Y aquí va, la segunda parte de la noche o la primera del día siguiente, a gatas, como se suele llegar a los sitios más importantes, al mundo por ejemplo, y es que a gatas hubiera entrado todos los días solo por verte y mirar debajo de tu falda. Caigo derrotado a un paso y medio de la ventana, quiero hablar de mí. Cuando pronuncies mi nombre me gustaría que se te pusieran los pelos como escarpias, que tengas que encoger los dedos de los pies por debajo de las mesas o te muerdas los dientes. Quiero saber si te tienes que reír de mí cuando tus amigos hablan en pasado y si cuando llegas a casa mis manías te atacan por la espalda, quiero saber si han reclamado todos mis huecos o si alguno resiste a pesar de las quejas de tus nuevos inquilinos. Ojalá que llames al trabajo un día y no vayas porque estás pensando en mí aunque eso te ponga enferma, porque yo pienso más en ti que tú en los zapatos. Podría apuntarme al club de los secretos que una vez al mes tienes que contar, o publicar en una de tus revistas qué tal me va, y mentir.

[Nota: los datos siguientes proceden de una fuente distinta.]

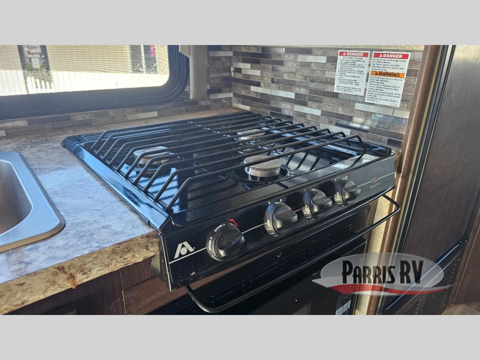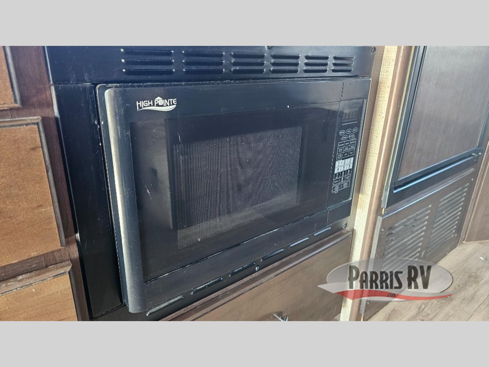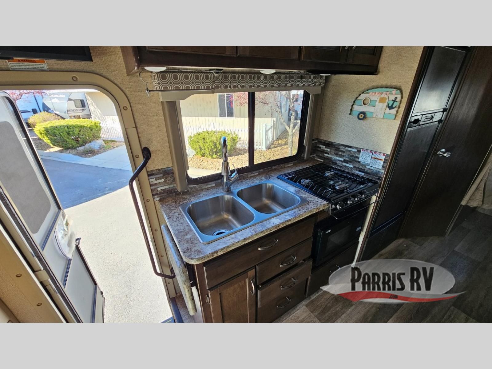 On the opposite side you can make your favorite meals with the three burner range, microwave oven, double kitchen sink, and refrigerator. There is a flip-up countertop and overhead cabinets as well.

Me mataba la curiosidad. Todas mis aspiraciones se reducían a un pequeño apartado en tu libro guinness de los records, y me importaba un comino si era al más estúpido de la historia o al mejor otoño con diferencia. Me daba igual, solo quería no ser uno más en una lista interminable de intentos fallidos, al menos no en la tuya.
Lo discutí con una pelusa que estaba por allí pidiendo trabajo basura, al parecer ya no cabían más debajo de mi cama y había tenido que emigrar, iba en busca de la estantería me decía, pero tenía algo de tiempo y se quedó un rato para hablar. Ella también te conocía y pensé, qué pequeño es este lugar, hasta entre las pelusas se hablaba de ti, eran tiempos mejores.
Si no te comparten, que tampoco me quiten lo que antes era mío.